On Friday the chief executives of the National Housing Federation, TPAS and Shelter had a letter published in the Independent (go here and scroll down) concerning an aspect of the Localism Bill that has not so far attracted much attention: tenants’ complaints.
Specifically, the Bill’s new arrangements for making complaints to the Housing Ombudsman will prevent tenants from being able to complain directly: in future they will have to get a referral from an MP, councillor or a ‘designated tenant panel’. The authors of the letter say this will be disempowering, costly and bureaucratic, causing delays and ‘red tape’.
Under current arrangements, tenants can only take a complaint to the Ombudsman if they have exhausted the landlords’ own complaints process, which can often take many months in itself. They then have to go through the Ombudsman’s own filtering process (they decline requests to investigate complaints in many cases) and then wait for an investigation and report. Many MPs and councillors are highly accessible to their constituents and no doubt would do the job as quickly and conscientiously as they can:
others are not, do not deal with correspondence effectively and sometimes do not even have ‘surgeries’ for tenants to attend. We do not know what processes a ‘designated
tenant panel’ might adopt and there is a danger that they will not be very independent of the landlord.
Either a councillor or MP will just pass the complaint on, which is a complete waste of everyone’s time, or they will act as a filter of some kind, either refusing to pass it on for their own reasons or making their own enquiries, which will require the tenant to explain the matter all over again, including revealing their personal details. Tenants may well feel that MPs and councillors are not always neutral when dealing with such matters, especially a complaint against the council as landlord*.

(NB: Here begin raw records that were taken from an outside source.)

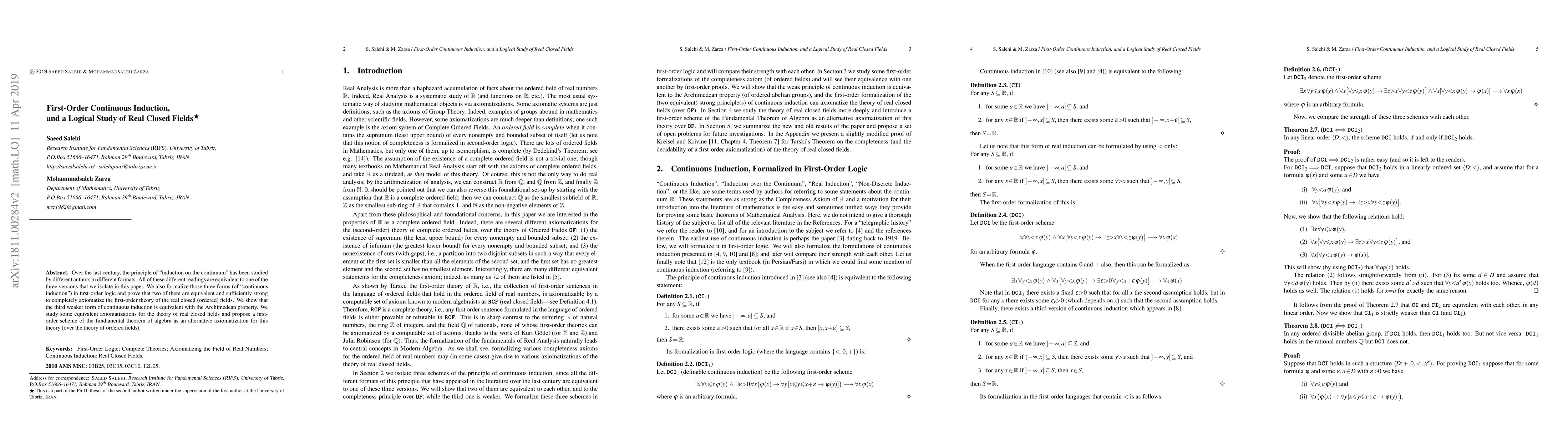 Over the last century, the principle of "induction on the continuum" has been studied by different authors in different formats. All of these different readings are equivalent to one of the three versions that we isolate in this paper. We also formalize those three forms (of "continuous induction") in first-order logic and prove that two of them are equivalent and sufficiently strong to completely axiomatize the first-order theory of the real closed (ordered) fields. We show that the third weaker form of continuous induction is equivalent with the Archimedean property. We study some equivalent axiomatizations for the theory of real closed fields and propose a first-order scheme of the fundamental theorem of algebra as an alternative axiomatization for this theory (over the theory of ordered fields).
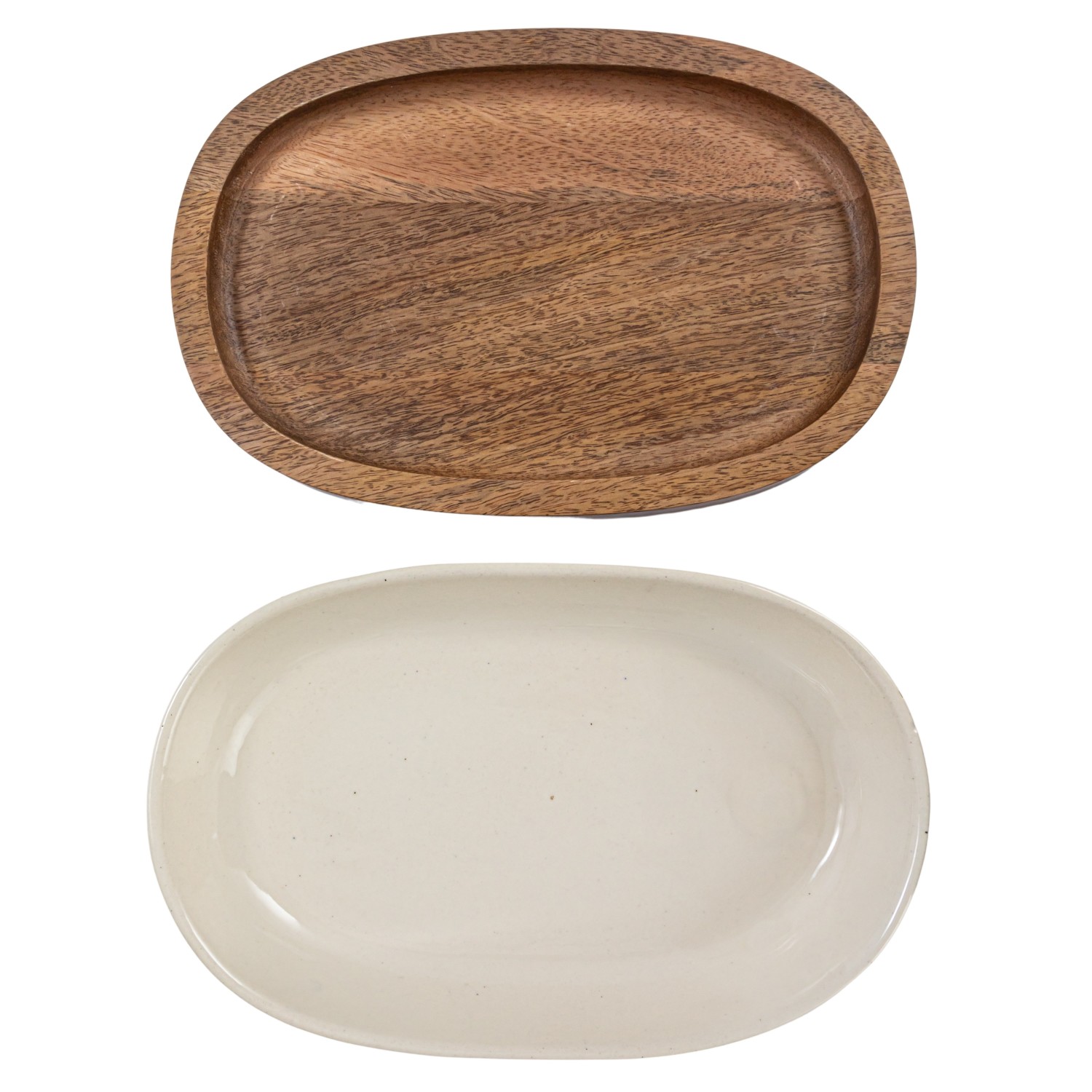Catalog Name: 12-3/4"L x 8-1/4"W x 2-1/4"H 1 Quart Stoneware Serving Dish/Casserole Baker w/ Mango Wood Base, Cream Color & Natural, Set of 2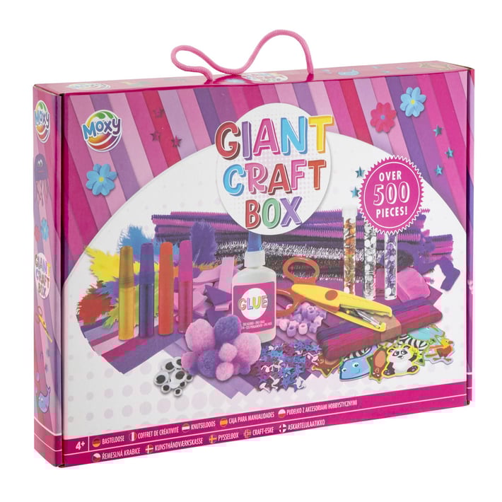 Включва над 500 броя разнообразни материали – пера, помпони, бляскави тръбички, цветна хартия, ножица, лепило, мъниста, декоративни очички и други.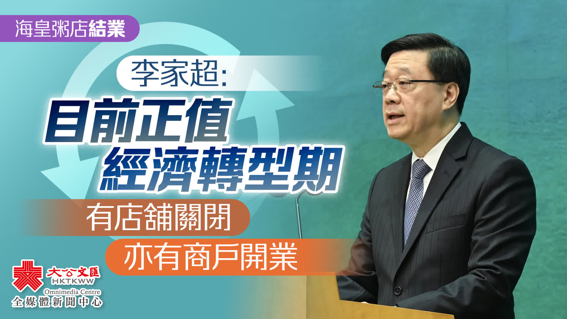 大公文匯全媒體報道,海皇粥店早前宣布全線結業並終止僱傭合約。行政長官李家超今日(20日)出席行政會議前回應記者提問表示,目前經濟正值轉型期,出現新的需求及喜好,有些店舖關閉,亦有不少商戶開業。李家超說,對於應對經濟轉型期充滿信心,強調要保持競爭力並自我完善。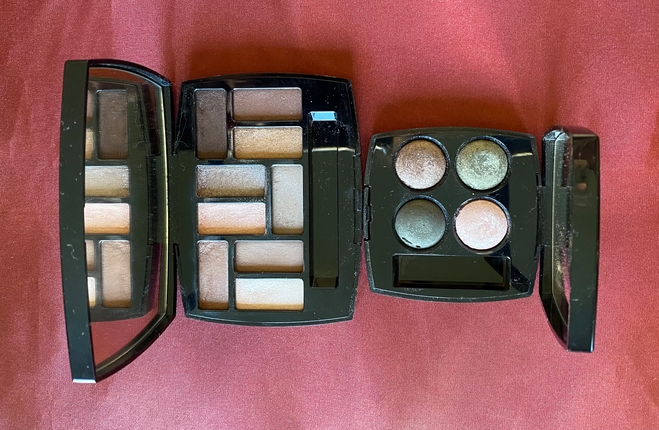 Описывать шанелевские упаковки — дело в высшей степени неблагодарное, тут как минимум с нулевых все стабильно и неизменно: картонная коробочка, чёрный глянцевый пластик, два грамма теней и наклейка на попе, гласящая, что изготовлены они не где-нибудь, а в Италии.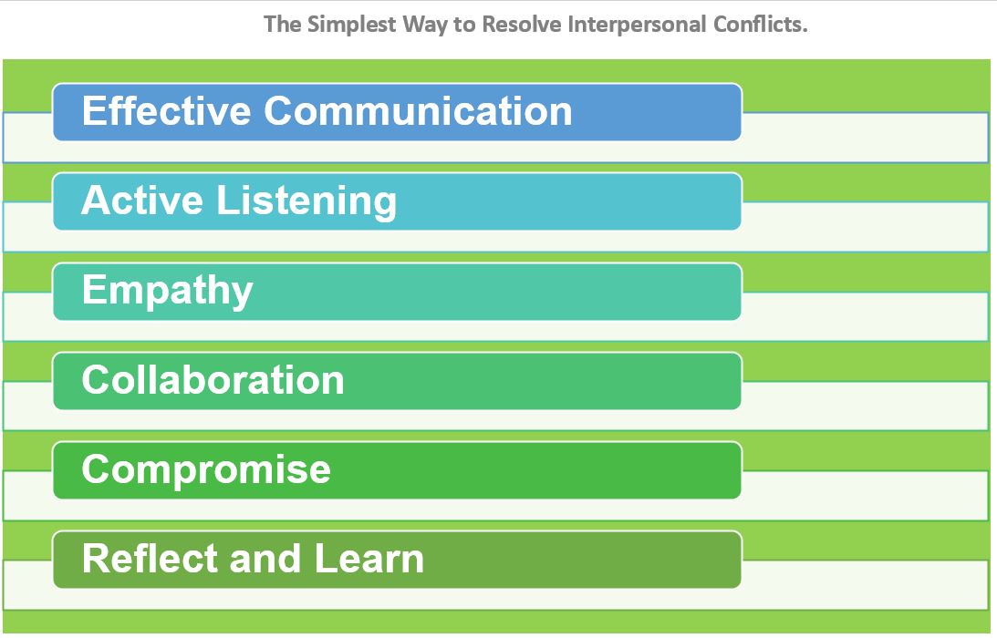 A simple yet powerful approach can be used to resolve interpersonal conflicts, which emphasizes effective communication, active listening, empathy, collaboration, and compromise. Individuals can create a conducive environment for open dialogue, understanding, and finding mutually acceptable solutions by practicing these strategies.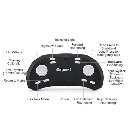 Function: Up/down, Forward/backward, Turn left/right, Sideward flight, LED Light, Headless Mode, One Key Automatic start/Return,H/L Mode
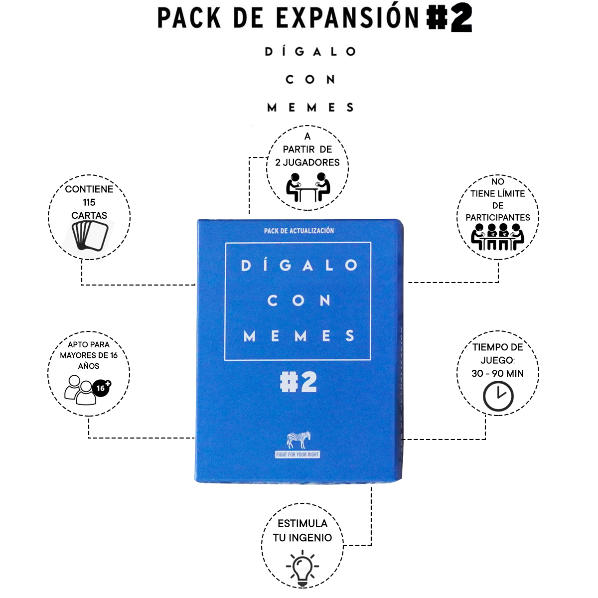 El pack de expansión #2 de Dígalo Con Memes incluye 90 cartas de situación y 25 cartas de imagen.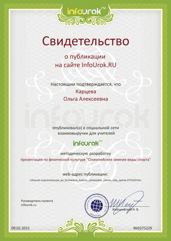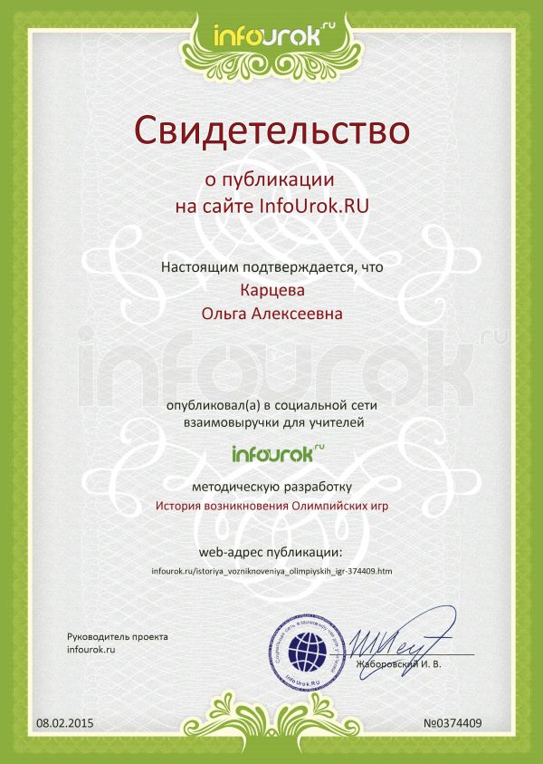 "INFOUROK.RU" сайтында "Тесты к школьной Олимпиаде по физической культуре", "Разработка по физической культуре к празднику "Игра по станциям","История возникн…

There can only be one motivation behind this process: to reduce the volume of complaints going through to the Ombudsman because it will be under-resourced for the job it should be doing. But the procedure will put additional burdens on MPs and councillors that they are often not geared up to handle, and will undoubtedly act as a disincentive to tenants to take their complaint forward.
An effective complaints process is one mechanism for ensuring the accountability of landlords. It is therefore encouraging that the NHF, as the landlords’ trade body, is opposing this change. Good landlords welcome complaints, pursue them properly and seek to learn lessons from them. There has already been a damaging reduction in regulation and independent inspection of service quality in the housing sector. Making it harder for tenants to complain to the Ombudsman will make it easier for poor landlords to ignore their tenants.
*The Bill creates a unified service for investigating housing complaints, transferring
responsibility for council housing from the Local Government Ombudsman.